Não queremos viver sem amor e, já agora, não podemos. Não podemos viver bem, apenas sobreviver. Claro que dá para adormecer e acordar todos os dias e desempenhar as tarefas que são supostas.
Mas, sem a proximidade a um grande amor, povoa-se a vida de pequenos amores investidos, sobreinvestidos, reinvestidos. Tudo esticadinho ao máximo para parecer muito e se sentir o mais possível.
Tudo junto, pode ser muita coisa e pode-se aproveitar quase tudo o que há: familiares, amigos, uma fé, uma causa, uma actividade, uma crença. Tudo serve ou pode servir como objecto de amor.
Mas aquilo de que falo quando quero falar de amor, refere-se a uma relação indefinível por palavras mas sensível e preenchente que todos esperam e que, quando acontece dá para reconhecer.
Só que aí, o ser capaz de viver um amor ergue-se como um desafio. Difícil e complicado.
Começo com uma suspeita sistemática sobre as intenções do outro. Como se ele quisesse de mim alguma coisa proíbida ou ilegítima, como se me pudesse roubar qualquer coisa de vital, ou como se ele fosse em si mesmo, só porque existe, um perigo, uma ameaça.
Ultrapassada essa barreira defensiva, quer dizer, uma vez tranquilizada e crente que os outros afinal também gostam de mim por nenhuma razão especial e que portanto não me vão ficar com as pratas da família, ou com dois bocados de alma, passo á fase seguinte.
Esta consiste, no essencial, em arranjar imbróglios. Tudo serve nesta congeminação destinada a fazer prova de amor: ou é a família que não apoia a relação por eu ser uma mulher divorciada, que retomam ciclicamente como pesadelo corporizado e fantasma maléfico, ou é um parente ou um amigo toxicodependente ou com uma situação rara, que interferem a cada passo.

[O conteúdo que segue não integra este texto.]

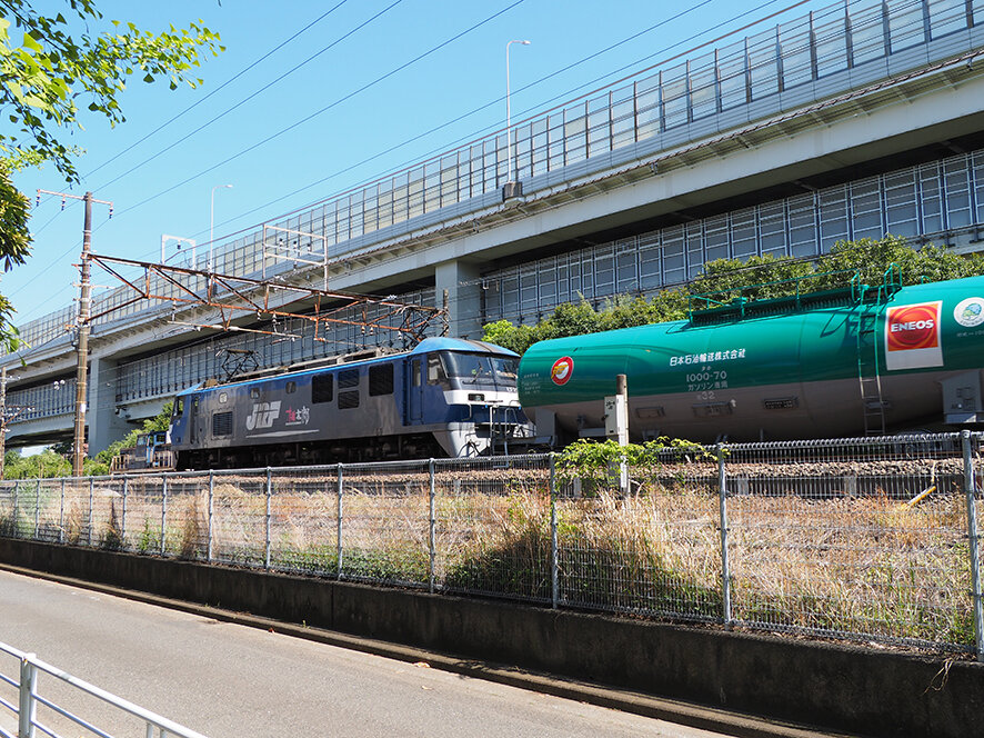 お次は根岸駅に移動して、貨物列車(タンク車)を木陰から眺めます。
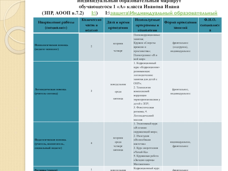 Слайд 6Индивидуальный образовательный маршрут обучающегося 1 «А» класса Иванова Ивана (ЗПР, АООП в.7.2)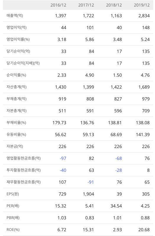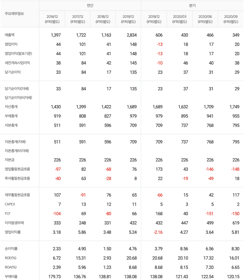 2020년 9월 전년동기 대비 별도기준 매출액은 44.1% 감소, 영업이익은 63.8% 감소, 당기순이익은 13.9% 감소. 전분기 대비 매출액을 감소하였고, 전년동기 대비 여전히 누적 매출액은 낮음. 이로 인한 영업이익과 당기순이익 감소. PC공사 기술력을 바탕으로 한 대형 PC공사의 성공적 수행, 초역세권 중심의 건설사업 수행 등 호실적으로 유동비율이 크게 개선되었으며 부채비율은 업종 평균을 하회하고 있음.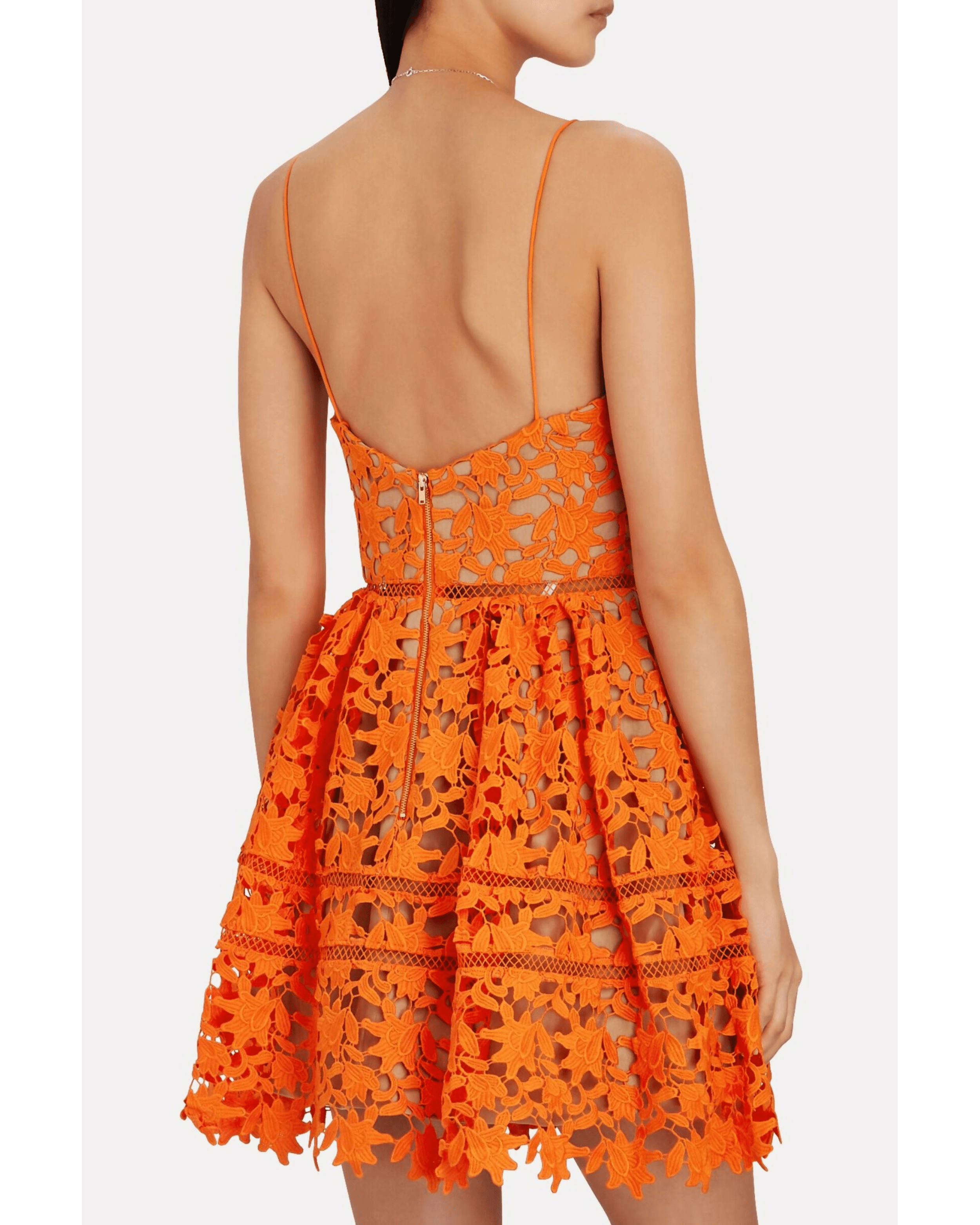 Self-Portrait's orange Azalea dress is crafted from patterned guipure lace as a tribute to its namesake bloom, one of Han Chong's hallmark styles for occasion dressing since his label's launch in 2013. It's shaped for a slim fit with skinny, adjustable shoulder straps and ladder lace that splices the slender bodice, then fitted with a flared mini skirt lined with beige mesh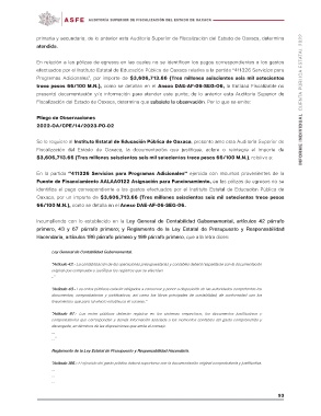 primaria y secundaria; de lo anterior esta Auditoria Superior de Fiscalización del Estado de Oaxaca, determina INFORME INDIVIDUAL CUENTA PÚBLICA ESTATAL 2022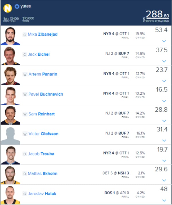 First, you'll see that Lamoosh2332 won the Saturday with a 4-3 stack of Buffalo and Montreal with a Draisaitl one-off. There was no correlation between the goalie and skaters in his lineup.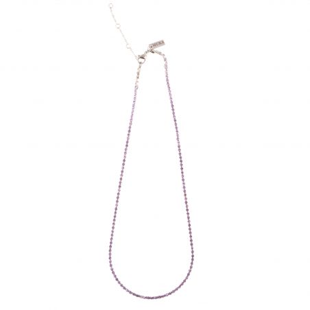 Le collier Mila de la marque MURA séduit par son éclat délicat et sa teinte mauve lumineuse, apportant une touche douce et sophistiquée à votre décolleté.

Á falta destes argumentos, que quase toda a gente tem disponíveis como fontes de preocupação e empecilhos à vivência de um grande amor, arranjam-se outros de segunda linha.
Aí, são as dificuldades geográficas ou de horários, género "moras longe", "tenho que trabalhar até tarde", …. De argumento em argumento chega-se a um nível superior de construção ideativa: o da competição.
Não fica necessariamente em jogo quem é que ganha mais ou é mais importante. Muito mais frequente é a contabilização dos gestos e procedimentos que exprimem quem gosta mais, quem faz mais pela relação ou pelo outro, ou pelo projecto de vida ou pelo futuro ou coisas assim, que se prestam a discussões infinitas e a conclusões inconclusivas.
Se, no meio disto tudo, o amor não se dissipa nem se transforma em hábitos e rotinas… está-se cheio de sorte e pode-se dizer que se pode viver um grande amor.
Há quem diga que os grande amores têm prazos de validade.
Percebe-se porquê. Para serem grandes têm que ser permanentes e invasivos. Têm que provocar tensões, ansiedades e medos de perda. Precisam de drama e de mistério. Precisam de inacessibilidades, de presenças e ausências, de partidas com lágrimas e de regressos apaziguadores. Precisam de um movimento, de uma cor e de um cheiro que os torne únicos.
Estupidamente, eu, protagonista de algumas destas histórias de amor, não preciso de nada disto. Não aguento tanto folclore com facilidade e acabo repartida entre a ideia de que "é bom", e "isto não pode continuar"; "é muito bom", "devo estar louca", "é o homem da minha vida", "ninguém faz isto"; "tenho que pôr ordem na minha vida" e " que coisa mais anormal".
Vai daí, suspiro pela normalização da relação, pelo momento em que tudo decorra tranquilamente.
Desejo ser capaz de me voltar a preocupar com assuntos banais, com temas sem nenhuma referência ao outro.
Espero o dia em que, sem mágoa, o possa mandar de fim de semana com os amigos ou à pesca para longe.
Claro que, quando esse momento chega e se instala, quando o amor se adquire como facto consumado, esperado e devido deixa-se o território do grande amor.
Fico com a nostalgia de uma iniciação, a saudade do que já foi, o compromisso desejável entre o tudo e o nada. Ou então reinicio o ciclo de procura de sentidos e lá vou eu outra vez… hesitante.
"Quem me livra deste amor que não escolhi, meus Deus livra-me de mim!.